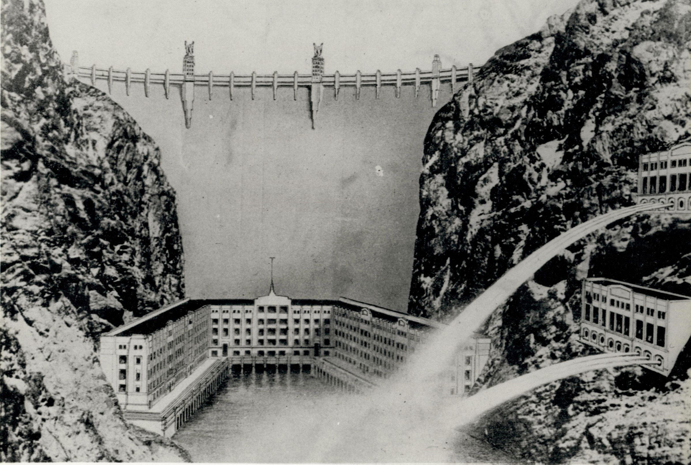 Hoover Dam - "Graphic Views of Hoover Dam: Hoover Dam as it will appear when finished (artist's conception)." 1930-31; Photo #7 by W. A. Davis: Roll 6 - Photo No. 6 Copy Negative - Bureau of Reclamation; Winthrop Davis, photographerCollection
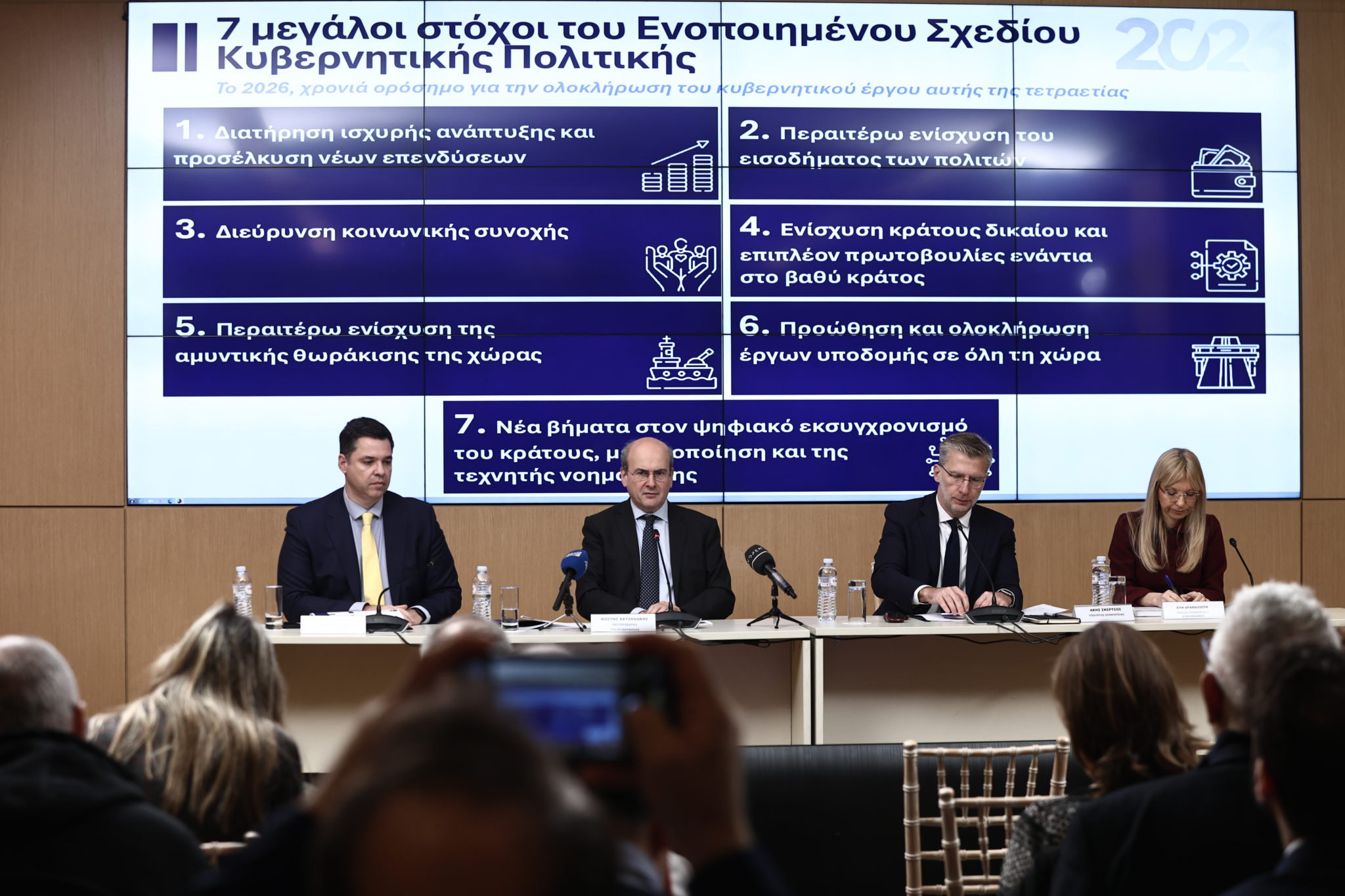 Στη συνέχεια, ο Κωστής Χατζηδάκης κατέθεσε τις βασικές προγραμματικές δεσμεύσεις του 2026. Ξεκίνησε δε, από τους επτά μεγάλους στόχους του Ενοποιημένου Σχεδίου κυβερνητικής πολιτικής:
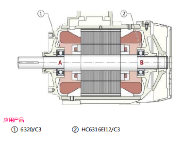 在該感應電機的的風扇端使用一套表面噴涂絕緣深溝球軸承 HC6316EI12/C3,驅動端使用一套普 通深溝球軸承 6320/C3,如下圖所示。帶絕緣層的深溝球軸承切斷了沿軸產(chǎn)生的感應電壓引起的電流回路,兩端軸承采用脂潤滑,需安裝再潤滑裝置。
::::
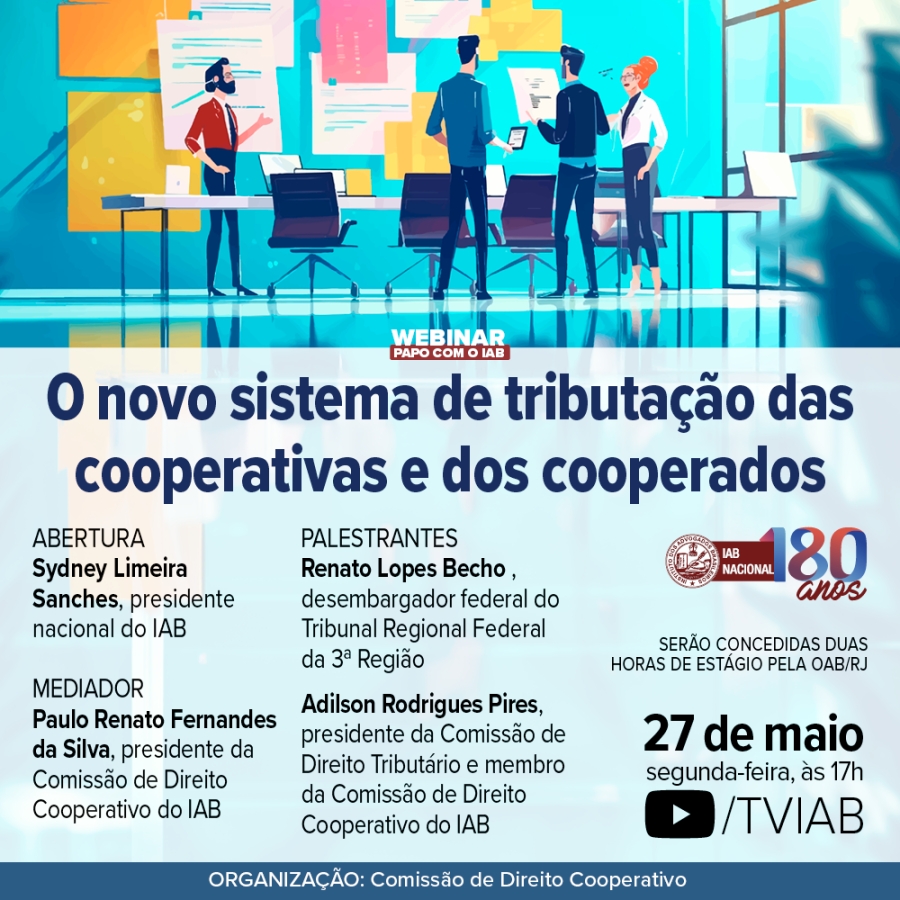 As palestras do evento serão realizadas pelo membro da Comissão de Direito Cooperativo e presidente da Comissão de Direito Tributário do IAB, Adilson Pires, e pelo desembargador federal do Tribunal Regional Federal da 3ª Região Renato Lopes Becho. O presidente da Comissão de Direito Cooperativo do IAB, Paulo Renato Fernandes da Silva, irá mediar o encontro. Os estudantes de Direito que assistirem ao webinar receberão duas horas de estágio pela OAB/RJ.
::::
» DIRECTIONS: In the listing above, find the line with "Στη συνέχεια, ο" and the line with "在該感應電機的的風扇端使用一套表面噴涂絕緣深溝球軸承 HC6316EI12/C3,驅動端使用一套普 通深溝球軸承". Set down both and every line between them, minus the pictures.

» SOLUTION TO THIS PROBLEM:
 Στη συνέχεια, ο Κωστής Χατζηδάκης κατέθεσε τις βασικές προγραμματικές δεσμεύσεις του 2026. Ξεκίνησε δε, από τους επτά μεγάλους στόχους του Ενοποιημένου Σχεδίου κυβερνητικής πολιτικής:
 在該感應電機的的風扇端使用一套表面噴涂絕緣深溝球軸承 HC6316EI12/C3,驅動端使用一套普 通深溝球軸承 6320/C3,如下圖所示。帶絕緣層的深溝球軸承切斷了沿軸產(chǎn)生的感應電壓引起的電流回路,兩端軸承采用脂潤滑,需安裝再潤滑裝置。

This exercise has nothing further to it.